The FA analysis methods could be expanded in several ways. These improvements and additions are driven by developments in methods for probing the FA structures themselves and the protein signalling networks related to FA. Possible areas of future work involve adapt- ing the analysis methods to FA images gathered using new methodologies, better relating FA structures to the spatial environment and integration of information about the signalling network that control FA development.
The current methods for segmentation of FA are tailored to the analysis of TIRF images, but this is not the only imaging methodology that can capture FA dynamics. Epifluorescence imaging is a simpler and more widely available imaging methodology, which can be used to observe FA dynamics. Compared with TIRF imaging, epifluorescence images suffer from lower signal to noise ratios and a higher likelyhood of fluorophore photobleaching. Exten- sions to the FA analysis software could alleviate these issues through additional filtering and application of photobleaching corrections. Confocal imaging can be used to gather FA image sets, increasing the spatial resolution at the cost of typically lower signal to noise ratios. I have attempted to analyze two sets of confocal FA images and developed some extensions to the segmentation methods to deal with the properties of confocal images, but these extensions need to be verified and tested using more FA image sets. The development of high-resolution imaging methodologies, such as 3D-SIM [105], STED [106] and PALM [107], have made it possible to gather biological images at higher resolution than the diffraction limit of stan- dard microscopy. PALM has already been used to study the spacial organization of fixed FA complexes in remarkable detail [108]. If high-resolution methods can be adapted to work in migrating cells, it would be possible to dynamically observe the recruitment and local- ization of FA proteins to different portions of developing FA complexes. Since the methods described here treat each FA as essentially a globular object, without internal features, expand-
ing the software to deal with a dynamic variegated FA substructure would be an interesting and worthwhile challenge.

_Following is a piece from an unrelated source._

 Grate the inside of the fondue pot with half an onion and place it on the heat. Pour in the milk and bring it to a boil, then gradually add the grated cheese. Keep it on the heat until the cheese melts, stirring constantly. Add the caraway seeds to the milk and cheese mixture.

FA are inherently three dimensional structures, but the methods described in this thesis are tailored towards treating FA as two dimensional globular objects. This focus on two dimensions is a product of two dimensional imaging being the only readily available method for measuring FA dynamics. Assuming the signal to noise and resolution issues associated with measuring FA structures in three dimensions could be overcome, the methods described here could be readily adapted to work in three dimensions. The minimum-size watershed segmentation method can be adapted to work in three dimensions, as can the object overlap and centroid distance tracking methods. One significant issue that would need to be solved would be dealing with volume of data produced by three dimensional imaging methods. The Arp2/3 depletion results presented in Chapter 3, required the analysis of 272 time-lapse image sets, which would have taken approximately 2.5 days to process on the FA analysis server, assuming no other processing jobs were being run and all detection parameters were already determined. If the third dimension was added to these image sets, with 10 Z-sections per image set, the amount of hard drive and processing time would in turn be expected to by nearly a factor of 10. These issues would be need to be addressed by identification of the processing bottlenecks and development of either more efficient algorithms or conversion of the existing methods to faster implementations.

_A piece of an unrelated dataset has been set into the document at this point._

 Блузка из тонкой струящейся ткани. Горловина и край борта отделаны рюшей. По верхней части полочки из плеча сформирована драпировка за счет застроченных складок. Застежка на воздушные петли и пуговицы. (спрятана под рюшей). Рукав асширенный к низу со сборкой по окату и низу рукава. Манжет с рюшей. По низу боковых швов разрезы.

In addition to expanding the range of imaging methods that could be used with the FA analysis software, there are several types of FA properties which might help to quantify FA behavior. One area deals with with quantifying the FA spatial properties. The internal envi- ronment of the cell is highly varied with different areas within the cell experiencing a range of internal and external signals. These signals must be converted through signalling path- ways to FA behavior which varies on a spatial scale, but the tools developed here only use gross morphological distinctions, such as leading or trailing, to subdivide FA analysis in a spatial manner. More sophisticated spatial clustering methods, such as K-means or hierar-
chical, could possibly discern local cellular regions where FA dynamics are being perturbed compared to the rest of the cell. Integration of these methods with either spatial activation of specific signalling cascades, such as a recently described photoactivatable RAC [109], or exposure to controlled spatial gradients of signalling molecules could help to clarify funda- mental aspects of cell migration.

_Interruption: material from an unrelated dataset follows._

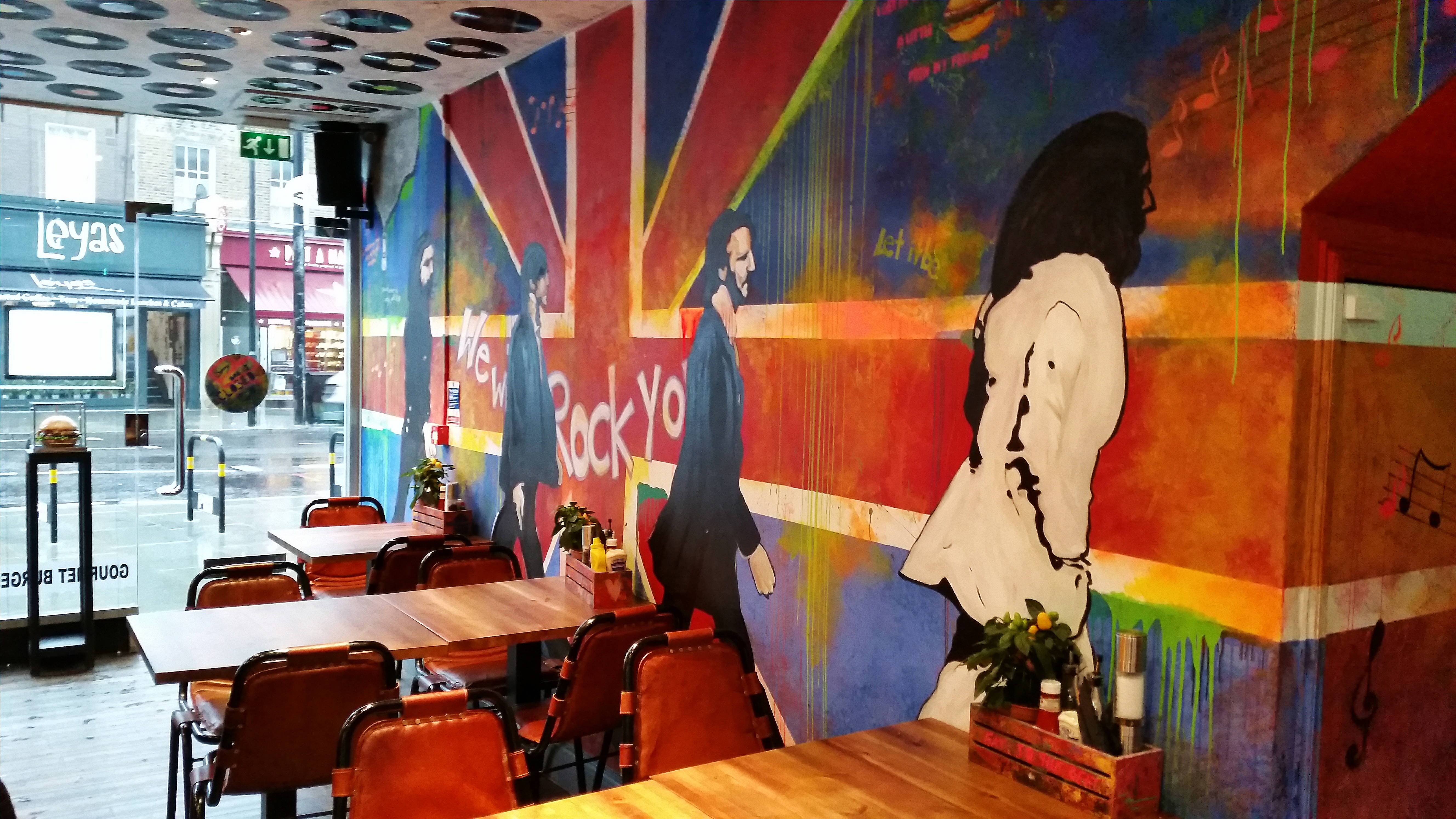 If you choose to visit the Camden branch, you will quickly find that Britain’s rock culture is heavily emphasised in the decor, which sports a number of musical murals and furnishings. Cheap and cheerful guitars are mounted on the walls, vinyl records are stuck to the ceiling, and a significant amount of effort has been spent on fine details. Chilli plants also sit at each table, with whole chillis free for you to pick and eat alongside your burger, or spitefully stuff up the nose of your dining companion – should they begin to irritate you. Every inch of the restaurant is bright and colourful, and the trippy styling seems to have been achieved by combining a paint set, a bag of sugar, and an eight-year-old-child.

The FA analysis software could also be expanded to integrate the analysis of other dynamic intracellular signals. One source for gathering additional signals are biosensors that have been developed to quantify intracellular protein activity levels. The location and development of FA could be used as a marker to link biosensor activity levels across multiple experiments, analogous to how the biosensors developed in the Hahn lab were analyzed using the motion of the cell edge to link the activity of biosensors across experiments [28].